But you considered yourselves prisoners?
Yes. Uh, prisoners in the sense that it was forced labor, we had to be there, we were not allowed to leave, we were not allowed to go any place. Uh, we were not caged in our houses, but figuratively speaking caged in a community that was in a kind of a nowhere, somewhere in a tundra, no, no train and no transportation and no options of what you do. You just work in the cement factory, and everyone had to work, even children when they were older enough, old enough. I don't know exactly what age--I at eight did not, but my sister at fourteen--thirteen did.
What kind of labor were they doing?
Uh, I don't know what it is how you make bricks, but I know that there were some machinery because my sister got the tip of her finger cut off on a machine.
Hard labor.
Hard labor, all physical labor, yes. And my mother would come exhausted--yeah, I know--but they were all hard, physical labor. And they would have those--the soldiers over there, I mean that. The protection was more the soldiers in the workplace than in our residence. We didn't see them much around where we lived, but in the factories yes.
Were there any exchanges with the Soviet troops?
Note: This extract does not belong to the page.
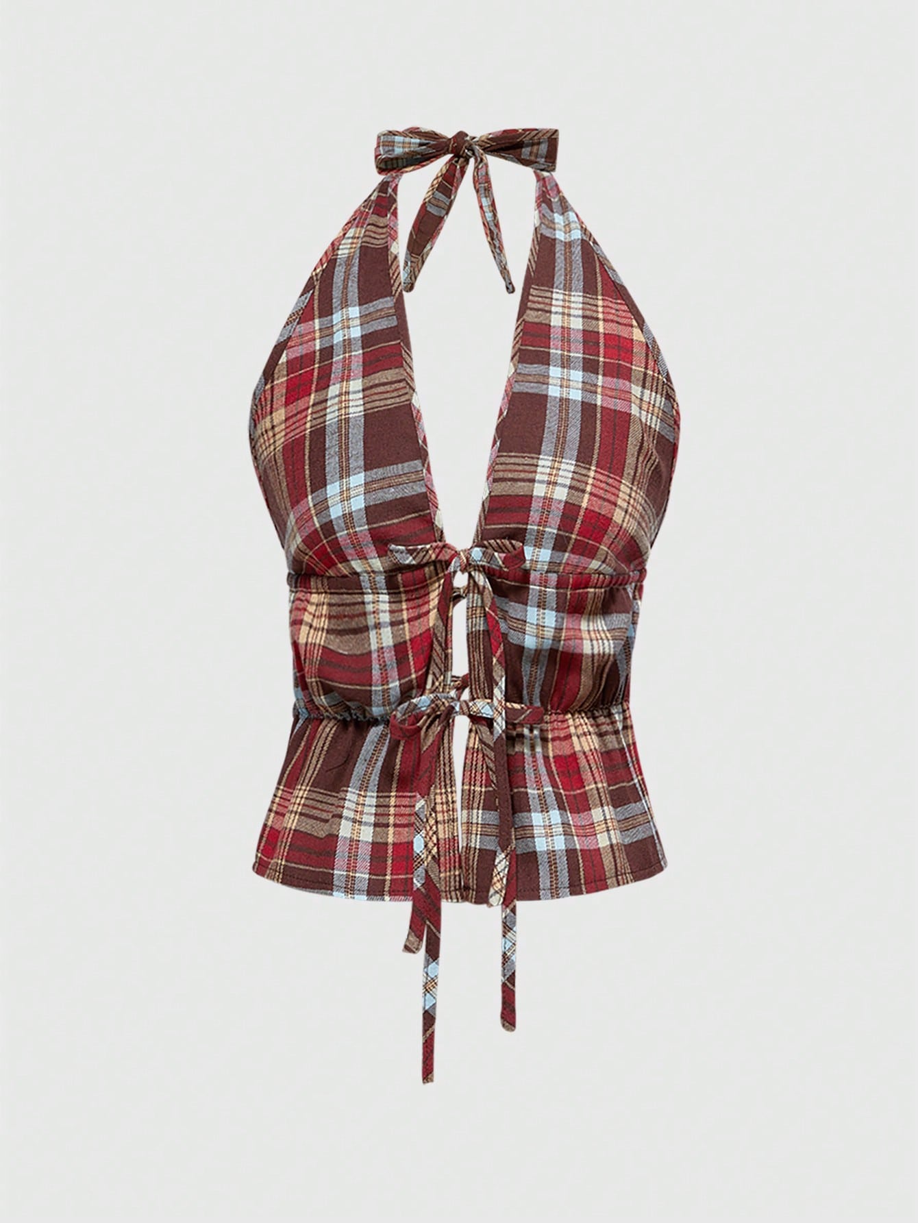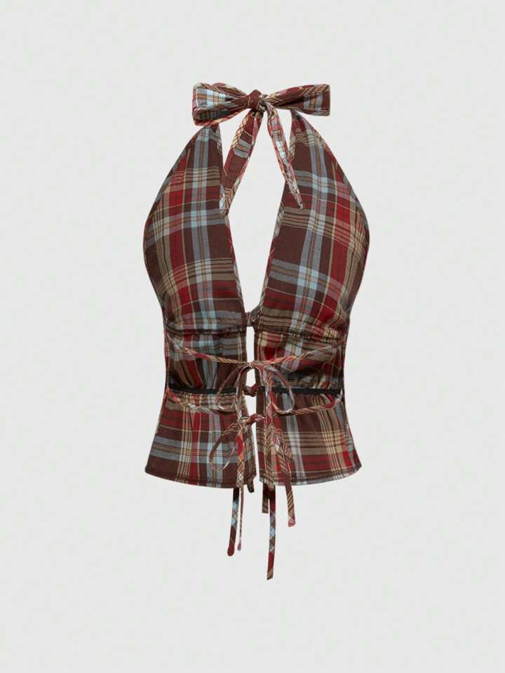 J-Fashion Veste sans manches casual rétro pour femme avec col ras-du-cou, boutons et motif à carreaux

Very little. They were not viewed as uh, on a social level that you exchanged--they were there to make the decision, they were there when people were afraid.
And...
There was a great fear of the soldiers, there was a great fear of what they can do to you. And there were always flying some uh, stories of people who were sent to actual uh, who were jailed for, for the slightest accusation of being anti, uh, Russian.